-- Assignment --
Print the data below exactly, but only the lines from the one containing "地下1階から3階までの高さ30mの吹き抜けに 室内イルミネーションとしては都内最大級の<BRIGHT FALL>" down to the one containing "This paper investigates", inclusive.

-- Dataset entries --
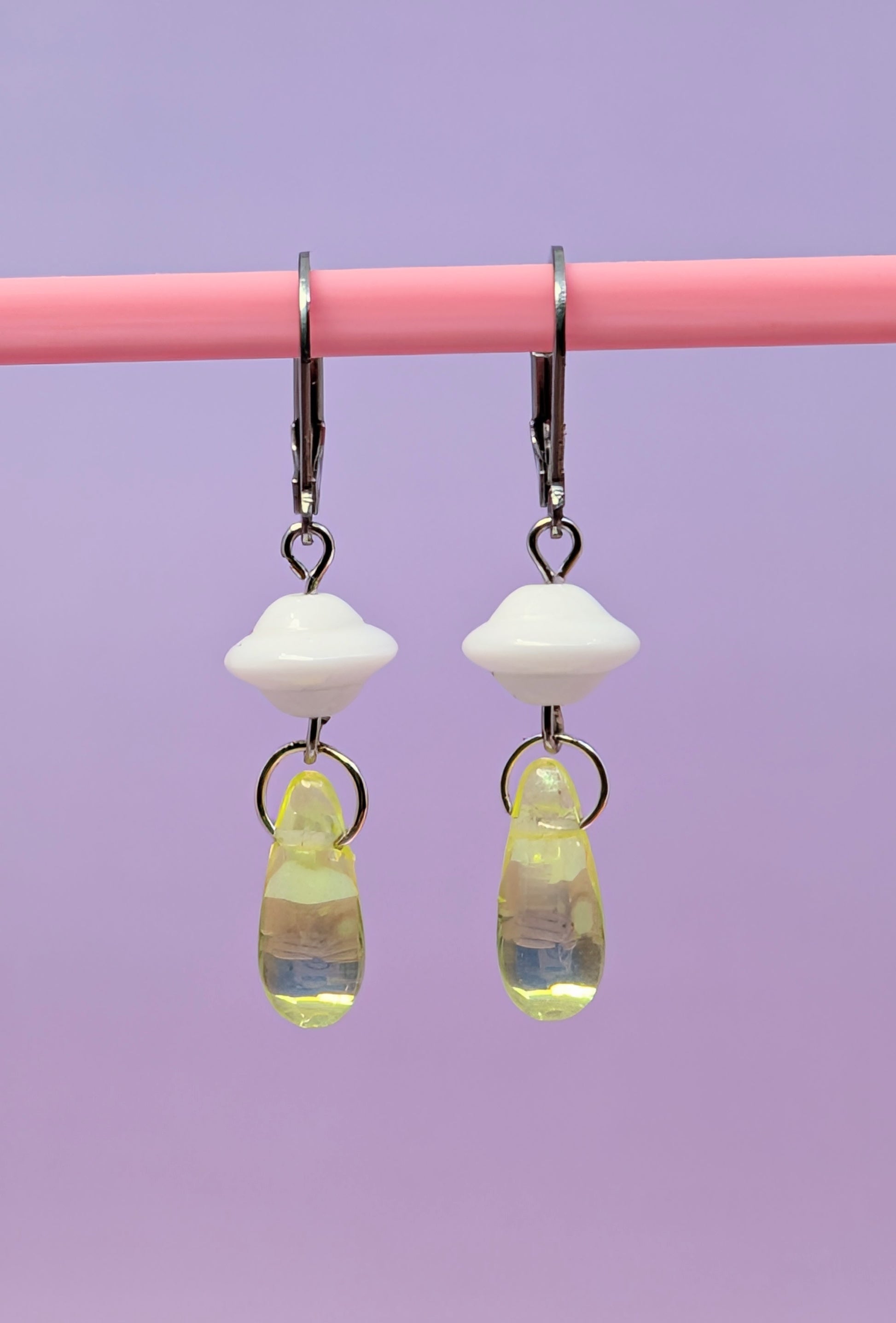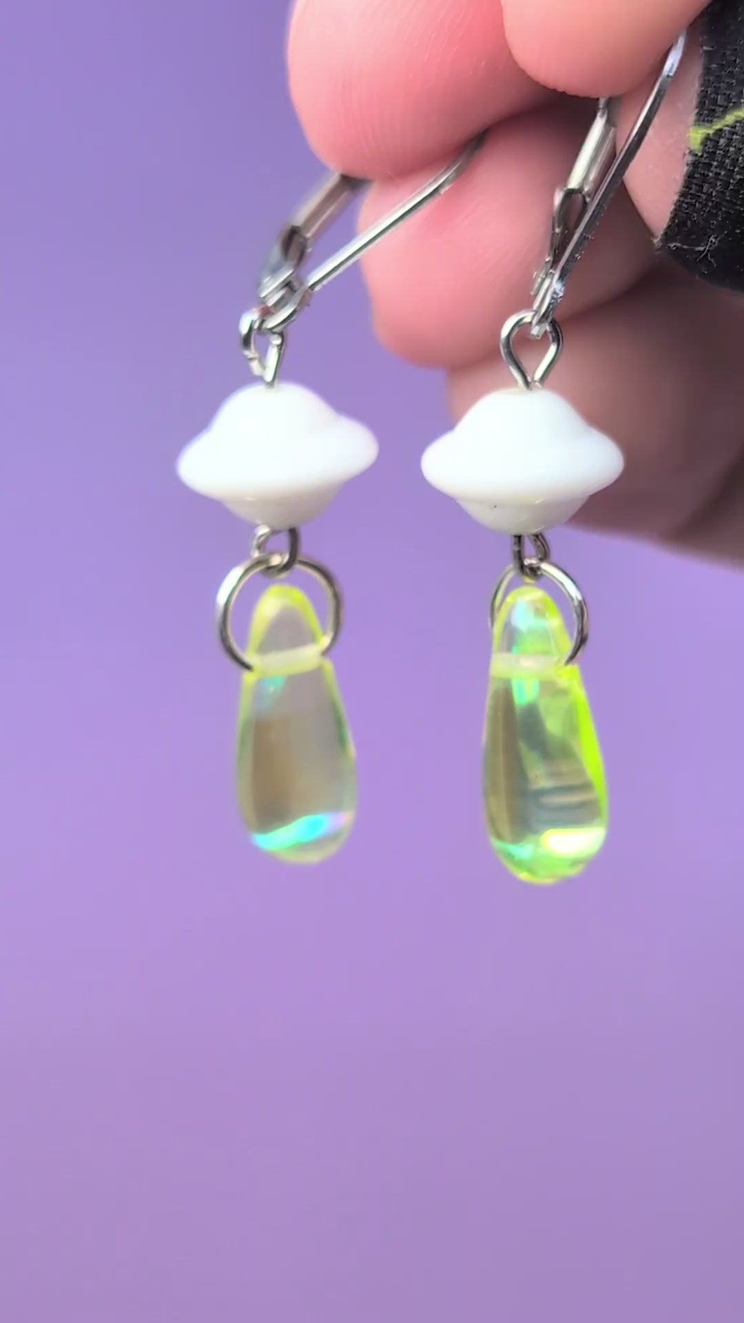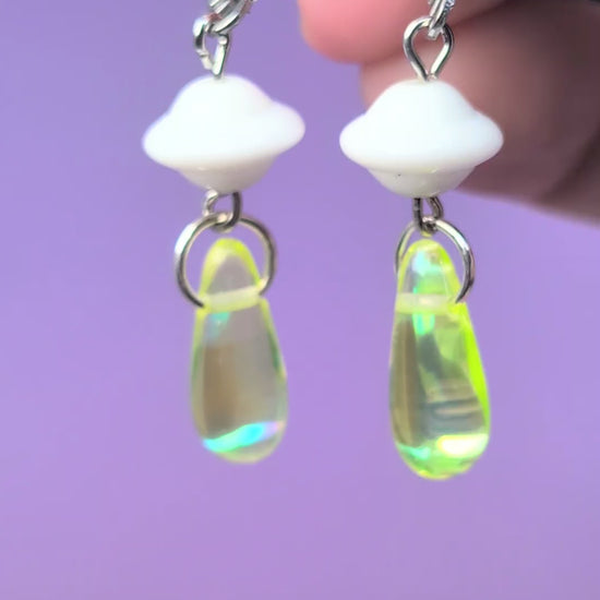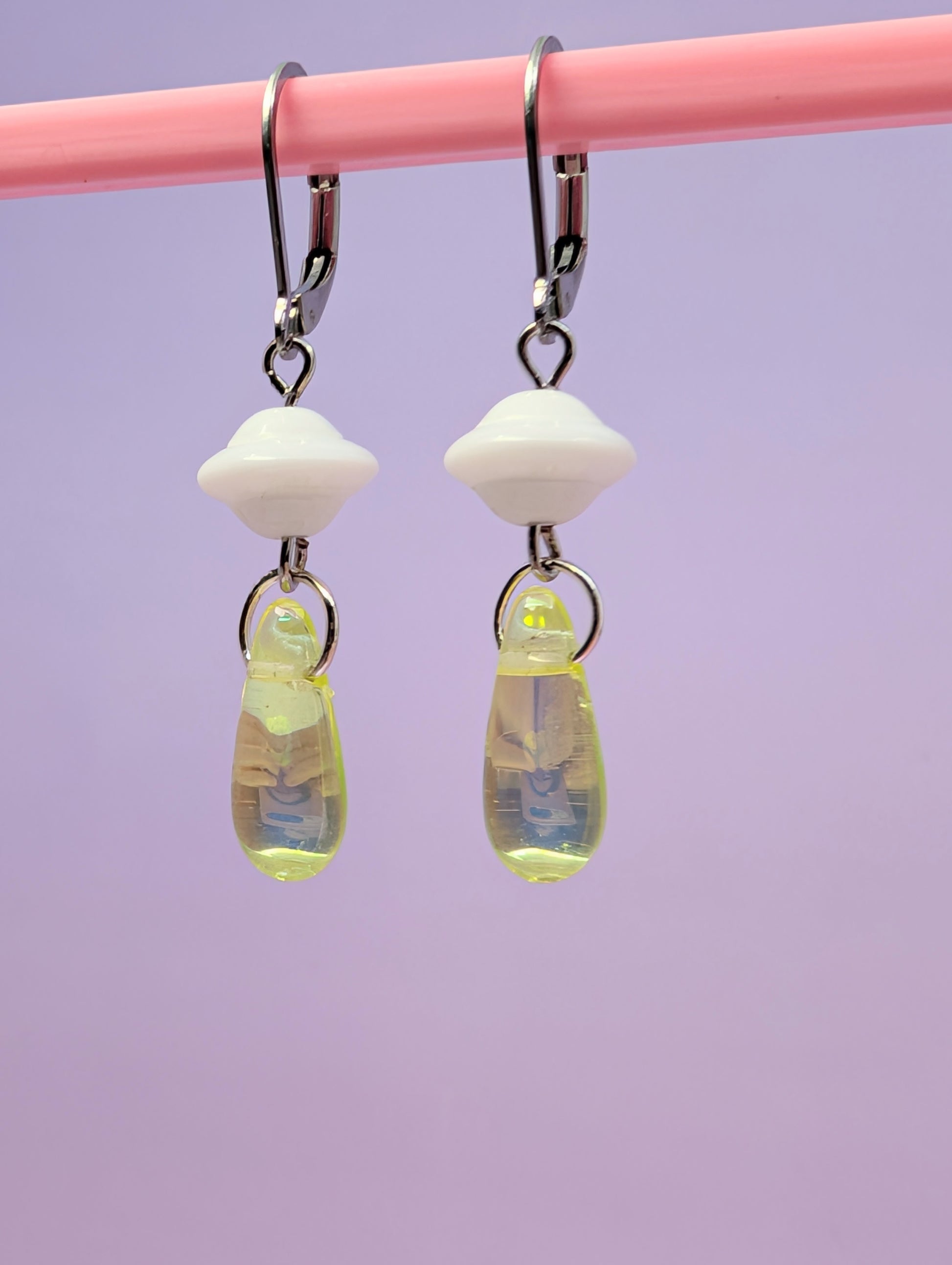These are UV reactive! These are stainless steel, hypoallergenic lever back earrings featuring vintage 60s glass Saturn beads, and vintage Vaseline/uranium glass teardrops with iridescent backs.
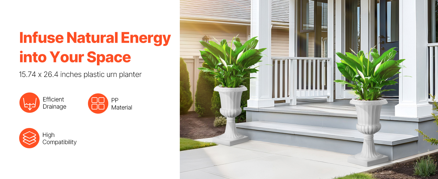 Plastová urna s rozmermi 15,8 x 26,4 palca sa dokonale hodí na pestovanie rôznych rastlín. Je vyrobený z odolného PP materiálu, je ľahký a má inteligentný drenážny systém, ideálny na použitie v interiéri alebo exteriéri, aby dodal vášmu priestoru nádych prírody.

...

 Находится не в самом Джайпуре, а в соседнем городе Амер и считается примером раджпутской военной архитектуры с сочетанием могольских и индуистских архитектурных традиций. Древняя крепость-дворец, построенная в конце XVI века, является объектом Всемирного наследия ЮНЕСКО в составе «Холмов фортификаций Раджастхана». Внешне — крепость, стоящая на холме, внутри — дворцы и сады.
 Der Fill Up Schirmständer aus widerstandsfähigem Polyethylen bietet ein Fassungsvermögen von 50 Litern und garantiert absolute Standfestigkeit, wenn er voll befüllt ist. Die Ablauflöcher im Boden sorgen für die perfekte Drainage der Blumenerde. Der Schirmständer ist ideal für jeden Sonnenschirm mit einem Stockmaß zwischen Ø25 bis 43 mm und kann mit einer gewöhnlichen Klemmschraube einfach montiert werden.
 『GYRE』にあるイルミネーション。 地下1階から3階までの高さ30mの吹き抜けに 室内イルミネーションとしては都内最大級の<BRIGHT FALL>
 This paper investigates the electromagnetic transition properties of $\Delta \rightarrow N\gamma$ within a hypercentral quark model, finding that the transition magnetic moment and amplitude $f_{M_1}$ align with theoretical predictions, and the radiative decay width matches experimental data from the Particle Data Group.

==

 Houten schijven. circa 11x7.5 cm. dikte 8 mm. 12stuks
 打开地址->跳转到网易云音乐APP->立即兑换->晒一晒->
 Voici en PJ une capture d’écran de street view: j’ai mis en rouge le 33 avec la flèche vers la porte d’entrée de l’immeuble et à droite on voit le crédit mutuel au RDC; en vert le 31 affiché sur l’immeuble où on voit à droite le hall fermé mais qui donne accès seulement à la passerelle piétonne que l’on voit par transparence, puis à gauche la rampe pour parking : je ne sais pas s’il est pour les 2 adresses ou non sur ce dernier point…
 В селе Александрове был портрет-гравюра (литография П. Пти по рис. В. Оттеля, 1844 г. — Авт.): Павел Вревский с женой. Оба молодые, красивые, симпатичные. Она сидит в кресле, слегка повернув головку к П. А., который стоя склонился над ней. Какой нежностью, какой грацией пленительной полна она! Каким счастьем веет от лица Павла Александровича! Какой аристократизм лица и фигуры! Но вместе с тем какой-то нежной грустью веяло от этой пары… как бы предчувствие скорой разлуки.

-- Response for this exercise --
 『GYRE』にあるイルミネーション。 地下1階から3階までの高さ30mの吹き抜けに 室内イルミネーションとしては都内最大級の<BRIGHT FALL>
 This paper investigates the electromagnetic transition properties of $\Delta \rightarrow N\gamma$ within a hypercentral quark model, finding that the transition magnetic moment and amplitude $f_{M_1}$ align with theoretical predictions, and the radiative decay width matches experimental data from the Particle Data Group.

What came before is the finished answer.